* _PROBLEM STATEMENT_:
In the listing that follows, print every line exactly and leave the images out.

* _RAW DATA_:
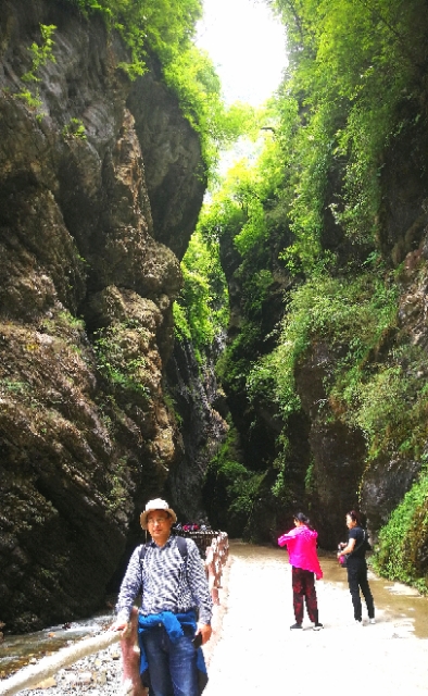 一条小溪像一个頑皮的孩子,在石上清澈的流淌着。走在“游龙”的峡谷里,凉爽宜人,感觉既刺激又兴奋。
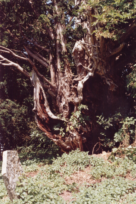 Notes: A substantial fragment of an ancient tree grows on the slope SW of the church. Also a fine younger specimen by the path leading to the church.
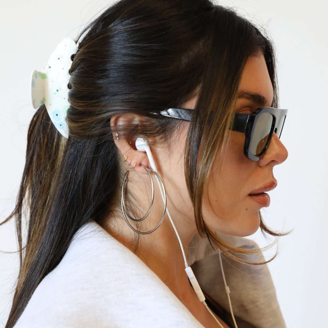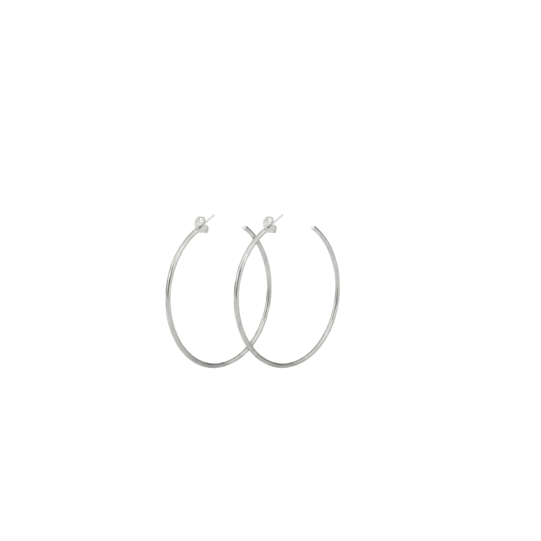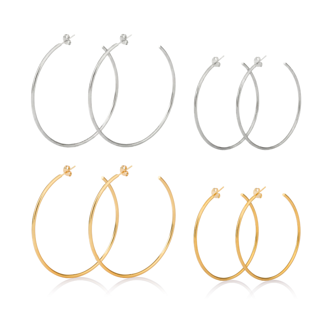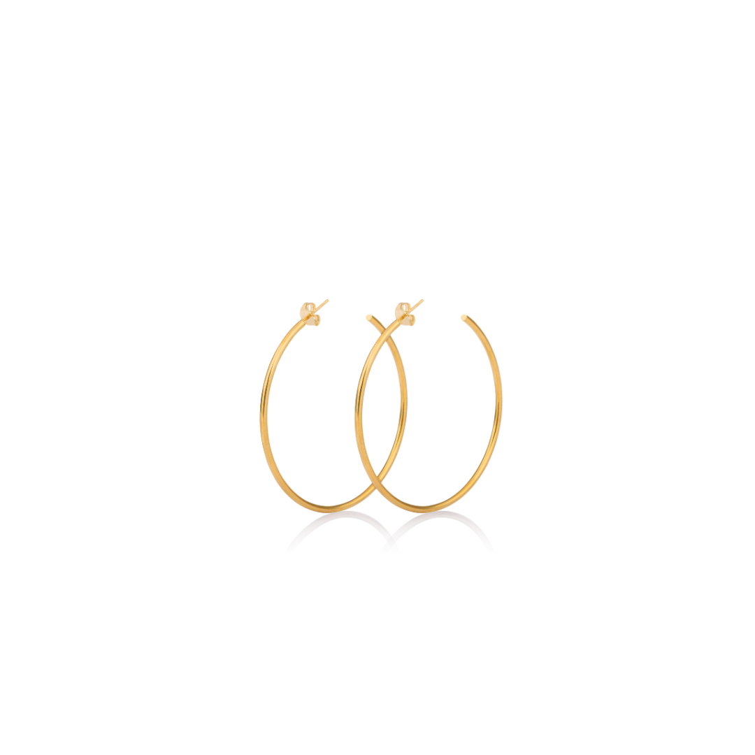 Available in gold and silver and sized at 50mm and 60mm, these hoops frame the face perfectly — subtle enough for everyday, sexy enough for nights out. Made to move with you, sweat with you, swim with you, and never lose their shine.

* _REPLY_:
 一条小溪像一个頑皮的孩子,在石上清澈的流淌着。走在“游龙”的峡谷里,凉爽宜人,感觉既刺激又兴奋。
 Notes: A substantial fragment of an ancient tree grows on the slope SW of the church. Also a fine younger specimen by the path leading to the church.
 Available in gold and silver and sized at 50mm and 60mm, these hoops frame the face perfectly — subtle enough for everyday, sexy enough for nights out. Made to move with you, sweat with you, swim with you, and never lose their shine.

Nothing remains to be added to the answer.